Convex Hull
Use convex hull as a geometric outer-boundary overlay on grouped scatter data, and read it as an exploratory envelope rather than an automatic statement about group separation.
Figure purpose
Convex hull draws an outer boundary around grouped points in a two-dimensional scatter-like view. It can help the reader see the broad extent of each group at a glance.
In practice, the hull is the outer polygon formed by the most extreme visible points of a group in the plotted x-y space. The output is therefore an envelope of the group's displayed extent, not a model-based summary of where most points lie.
That convenience comes with limits. The boundary is geometric, not a proof of stability, confidence, or true cluster structure.
When to use or avoid
Use convex hull when you want a quick outer-envelope view around grouped point clouds. It can be helpful as an overlay when the main question is how far a group extends across the plotted space.
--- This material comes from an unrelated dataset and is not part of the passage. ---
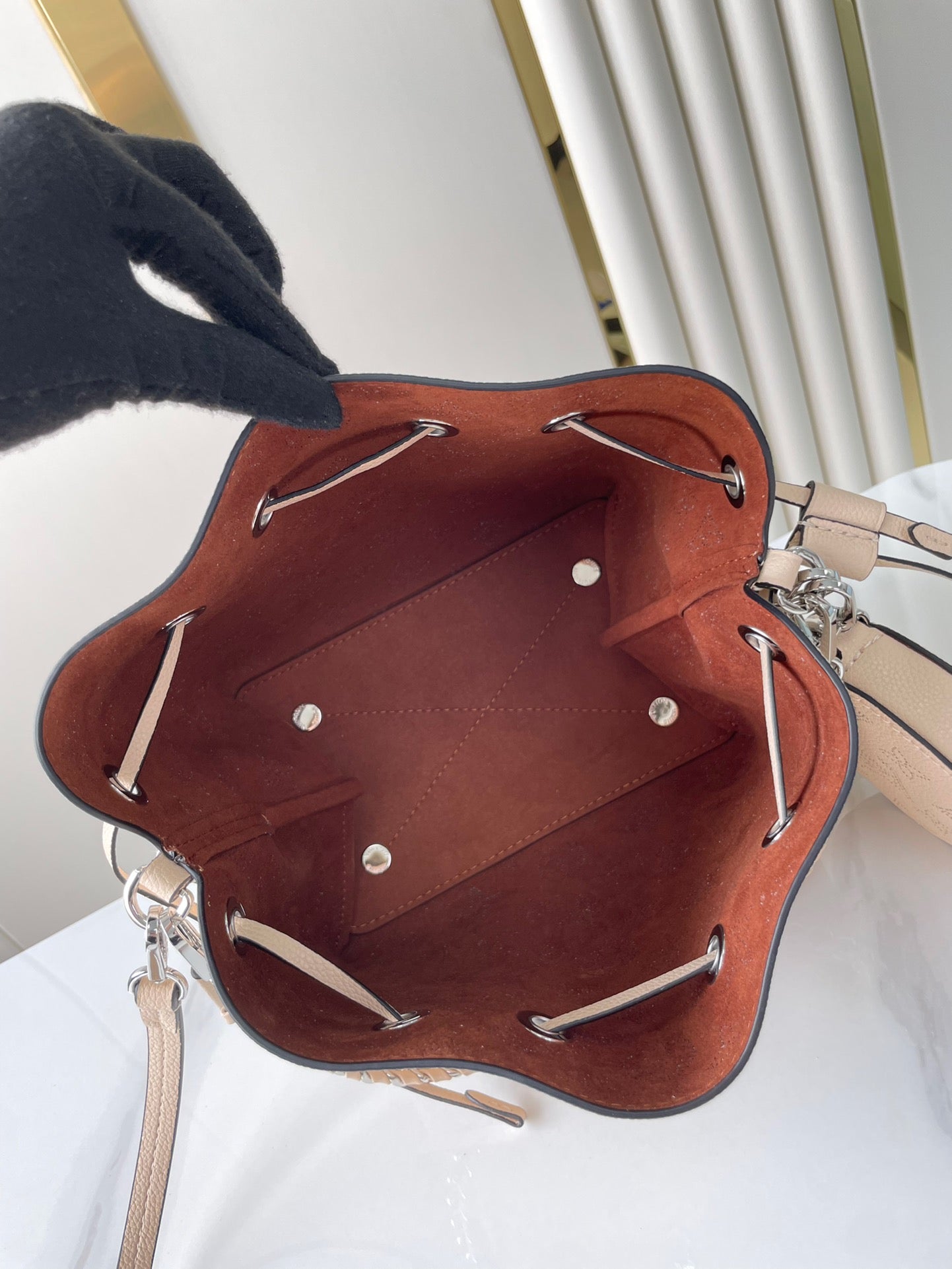 ?Material: Monogram perforated calfskin

Avoid reading the hull as a robust group summary in small samples or outlier-heavy data. A few extreme points can pull the boundary outward and make a group look more spread out than its central mass suggests.
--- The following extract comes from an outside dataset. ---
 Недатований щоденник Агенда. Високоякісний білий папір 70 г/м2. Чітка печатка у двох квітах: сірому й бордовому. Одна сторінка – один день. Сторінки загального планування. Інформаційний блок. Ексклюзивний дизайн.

This is why the page stays conservative even though the current renderer exists.
Required columns
- One numeric x variable
- One numeric y variable
- A grouping variable if multiple hulls are being compared
The current implementation is a two-dimensional grouped overlay. Docs should keep the scope there rather than broadening it into a general shape-analysis workflow.
Related statistics or disclosure
Convex hull can help readers see one outer boundary, but it does not guarantee separation and does not prove that one group is internally cohesive. It is best treated as an exploratory geometry layer on top of a scatter-like view.
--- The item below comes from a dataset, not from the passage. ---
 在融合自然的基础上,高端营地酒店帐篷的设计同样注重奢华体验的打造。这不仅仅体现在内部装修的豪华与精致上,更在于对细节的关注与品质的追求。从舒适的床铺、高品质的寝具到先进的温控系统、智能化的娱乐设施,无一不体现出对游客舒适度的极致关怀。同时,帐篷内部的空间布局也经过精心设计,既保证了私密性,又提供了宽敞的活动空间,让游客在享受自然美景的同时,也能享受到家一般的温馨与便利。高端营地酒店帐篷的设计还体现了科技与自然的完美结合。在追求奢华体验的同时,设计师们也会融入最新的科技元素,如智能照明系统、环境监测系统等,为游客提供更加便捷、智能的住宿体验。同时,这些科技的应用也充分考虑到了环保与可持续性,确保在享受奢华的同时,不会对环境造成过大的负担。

Licklider does not automatically determine from this hull whether the apparent group spread is stable, whether an extreme point is a meaningful observation or an outlier artifact, or whether one group is truly separated from another. Those are interpretation questions that need the underlying points and study context, not just the boundary.
Alternative figures
- Use Scatter Plot when the points themselves are still the most important part of the story.
- Use PCA Biplot when a reduced multivariate view is more useful than a direct grouped scatter overlay.
- Use Confidence Ellipse when a smoother summary of central spread and orientation is easier to read than a strict outer boundary.
Stay with convex hull when the outer extent of each group is the main visual question. Prefer confidence ellipse when you want a less outlier-driven overlay that emphasizes broad orientation more than extreme boundary reach.
TODO (Phase02+)
- Expand only if the public product surface later exposes clearer guidance on outlier sensitivity and boundary interpretation.